For interstitial pages, the client MAY include a HOBA Authorization header. This is not considered a MUST as that might needlessly complicate client implementations but is noted here in case a server implementer assumes that all registration messages contain a HOBA Authorization header.

Hobareg-val = "regok" / "reginwork"
        

Figure 3: Hobareg Header Field Definition

Figure 3 provides an ABNF definition for the values allowed in the Hobareg header field. Note that these (and the header field name) are case insensitive. Section 8.3.1 of [RFC7231] calls for documenting the following details for this new header field:

  • Only one single value is allowed in a Hobareg header field. Should more than one (a list) be encountered or any other ANBF-invalid value, that SHOULD be interpreted as being the same as "reginwork."
  • The Hobareg header field can only be used in HTTP responses.
  • Since Hobareg is only meant for responses it ought not appear in requests.
  • The HTTP response code does affect the interpretation of Hobareg. Registration is only considered to have succeeded if the regok value is seen in a 2xx response. 4xx and other errors means that registration has failed regardless of the value of Hobareg seen. The request method has no influence on the interpretation of Hobareg.
  • Intermediaries never insert, delete or modify a Hobareg header field.
  • As a response-only header field, it is not appropriate to list a Hobareg in a Vary response header field.
  • Hobareg is allowed in trailers.
  • As a response-only header field, Hobareg will not be preserved across re-directs.
  • Hobareg itself discloses little security or privacy sensitive information. If an attacker can somehow detect that a Hobareg header field is being added, then that attacker would know that the UA is in the process of registration which could be significant. However, it is likely that the set of messages between the UA and server would expose this information in many cases, regardless of whether or not TLS is used. Using TLS is still however a good plan.
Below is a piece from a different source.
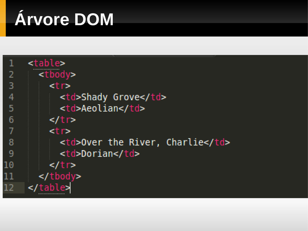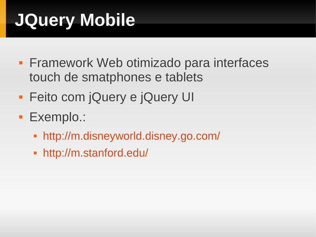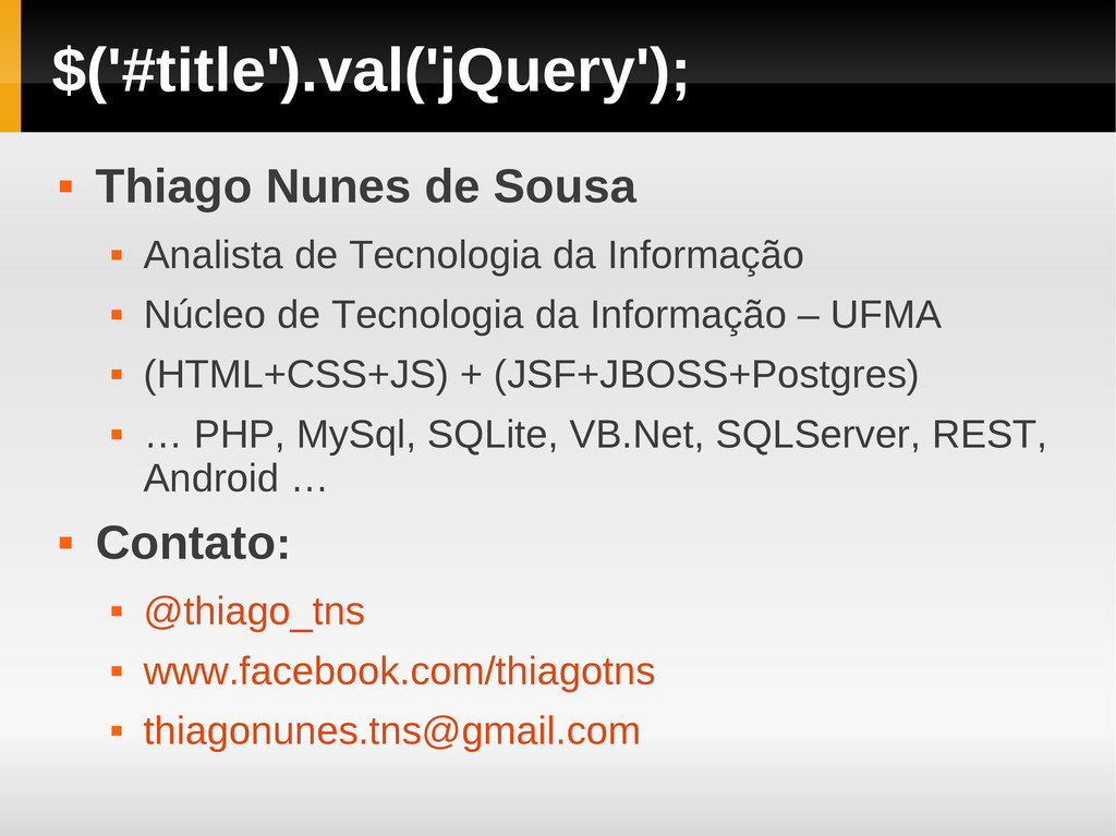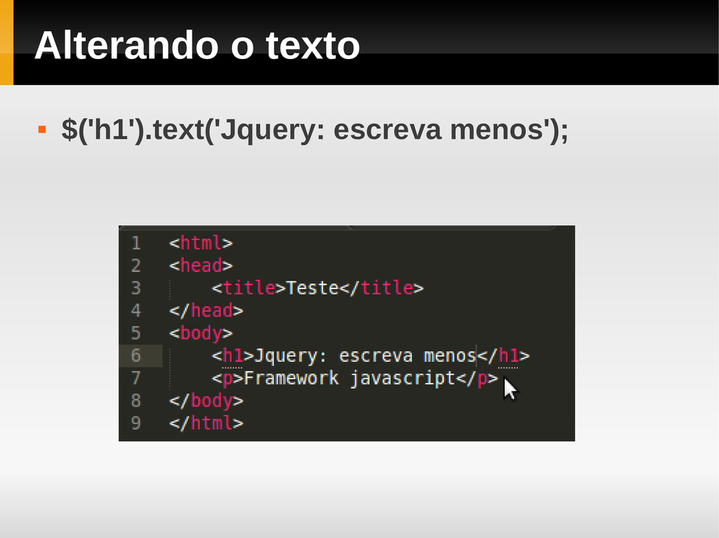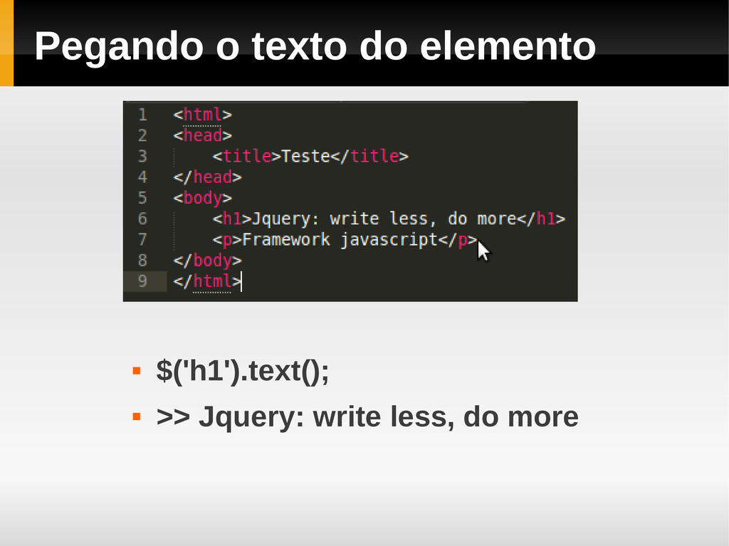 elementos <li> que estejam dentro de #form-principal $("#form-principal > li"); Seleciona todos os <li> imediatamente a baixo de #form-principal $(".texto, .numero"); Seleciona todos os elementos com a classe ”texto” e mais todos os elementos com a classe ”numero” $("li:first"); Seleciona o primeiro <li> do documento

6.2. Associating Additional Keys to an Existing Account

From the user perspective, the UA having a CPK for a web origin will often appear to be the same as having a way to sign in to an account at that web site. Since users often have more than one UA, and since the CPKs are, in general, UA-specific, that raises the question of how the user can sign in to that account from different UAs. And from the server perspective that turns into the question of how to safely bind different CPKs to one account. In this section, we describe some ways in which this can be done, as well as one way in which this ought not be done.

Note that the context here is usually that the user has succeeded in registering with one or more UAs (for the purposes of this section we call this "the first UA" below) and can use HOBA with those, and the user is now adding another UA. The newest UA might or might not have a CPK for the site in question. Since it is in fact trivial, we assume that the site is able to put in place some appropriate quicker, easier registration for a CPK for the newest UA. The issue then becomes one of binding the CPK from the newest UA with those of other UAs bound to the account.

6.2.1. Moving private keys

It is common for a user to have multiple UAs, and to want all those UAs to be able to authenticate to a single account. One method to allow a user who has an existing account to be able to authenticate on a second device is to securely transport the private and public keys and the origin information from the first device to the second. If this approach is taken, then there is no impact on the HOBA-http or HOBA-js so this is a pure UA implementation issue and not discussed further.

6.2.2. Human memorable one time password (don't do this one)

It will be tempting for implementers to use a human-memorable one-time password (OTP) in order to "authenticate" binding CPKs to the same account. The workflow here would likely be something along the lines of some server administrative utility generating a human memorable OTP such as "1234" and sending that to the user out of band for the user to enter at two web pages each authenticated via the relevant CPK. While this seems obvious enough and could even be secure enough in some limited cases, we consider that this is too risky to use in the Internet and so servers SHOULD NOT provide such a mechanism. The reason this is so dangerous is that it would be trivial for an automated client to guess such tokens and "steal" the binding intended for some other user. At any scale, there would always be some in-process bindings so that even with only a trickle of guesses (and hence not being detectable via message volume) an attacker would have a high probability of succeeding in registering a binding with the attacker's CPK.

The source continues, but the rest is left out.